DW África: A comprovar-se a autenticidade destas imagens de Cabo Delgado, estaríamos aqui perante crimes de guerra?
JM: Claramente. E os terroristas estão a atuar no mesmo 'modus operandi': a esquartejar e decapitar pessoas. Atirar cadáveres ao fogo não foge a este método dos terroristas. Isto cria uma situação de medo, de grande insegurança, e sobretudo de grande desconfiança em relação a qualquer força que esteja a operar naquele teatro.
DW África: Mas o que pode explicar militares a cometer este tipo de atrocidades?
JM: Eles estão a sentir-se como se estivessem numa pátria sem dono. As Forças de Defesa e Segurança moçambicanas não estão no comando. Eles já nos retiraram a soberania. Aliás, lembre-se que, há uns tempos, quem trazia informações relevantes sobre o terrorismo em Cabo Delgado era o Ruanda, na pessoa do seu Presidente, Paul Kagame, sob o olhar impávido e de pequenez de Moçambique e do seu Presidente. Moçambique nem sequer tem o poder de comandar essas forças.

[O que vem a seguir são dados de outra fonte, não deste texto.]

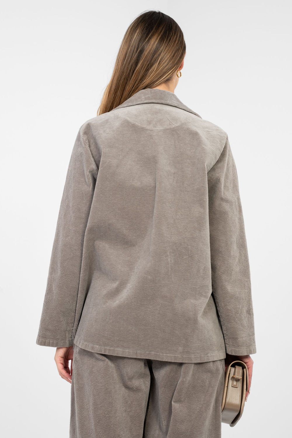Elegantní dámský štručkový sakó v casualovém provedení, který se skvěle hodí jak do každodenního života, tak do práce. Tento model spojuje volnost s elegancí, díky čemuž si ho snadno sladíte s mnoha styly, od klasických látkových kalhot po džíny nebo olověnou sukni. Vyrobený z vysoce kvalitní bavlny s přídavkem elastanu zajišťuje pohodlí a jemnou pružnost, co se promítá do komfortu po celý den. Hladký vzor zdůrazňuje jeho univerzální charakter a štručková struktura dodává subtilní strukturu a módní akcent. Model má dlouhý rukáv a klasické límce, které dávají saku nadčasový styl. Standardní délka se dobře tvaruje na postavě a jednořadé zapínání na knoflík zdůrazňuje elegantní střih. Imitace kapes jsou estetickým završením, zachovávajícím minimalistický charakter designu. Ideální volba pro ženy, které oceňují pohodlí, styl a funkčnost ve svých každodenních i pracovních outfitech.
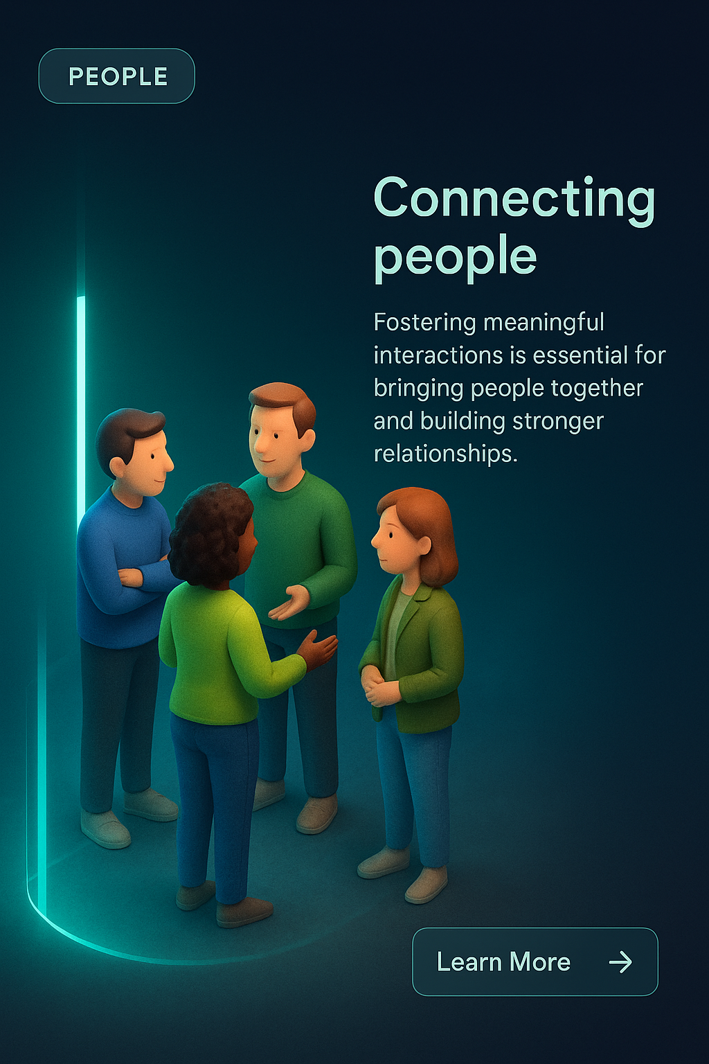 /Collection: /by davooda/Type: PNG/A vibrant 3D scene featuring a small group of people engaged in conversation against a dark gradient background. Neon accents illuminate the surroundings, enhancing the ambiance.
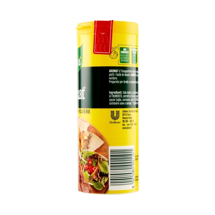 Sale iodato, Esaltatore di sapidità: glutammato monosodico, Lattosio, Amido di frumento, Estratto di lievito, Cipolla* 3%, Grasso di palma, Olio di semi di girasole, Sale, Spezie (aglio, curcuma, semi di sedano, chiodi di garofano), Estratto di funghi, Alloro, Può contenere uovo e senape, *Cipolla da agricoltura sostenibile

DW África: Sendo assim, a RENAMO acha que era momento para o chefe do Estado, como comandante em chefe, poder ter algum controlo de todos os militares que estão a atuar em Cabo Delgado?
JM: Ele próprio deixou-se manietar. Houve um incidente que chocou o país em que o Presidente do Ruanda, Paul Kagame, estava a passar por um tapete vermelho e o próprio Presidente de Moçambique estava ali como um "ajudante do campo" de Kagame. Portanto, se o próprio chefe de Estado se tornou tão pequeno perante o seu povo e o seu Estado em relação às forças estrangeiras, é uma situação de difícil controlo.
DW África: E como é que se remedia isso?
JM: O chefe de Estado deve redimir-se e deve colocar essa questão do terrorismo como um debate nacional, porque o que parece até aqui é que o Presidente da República, Filipe Nyusi, está a privatizar o [combate ao] terrorismo em Cabo Delgado.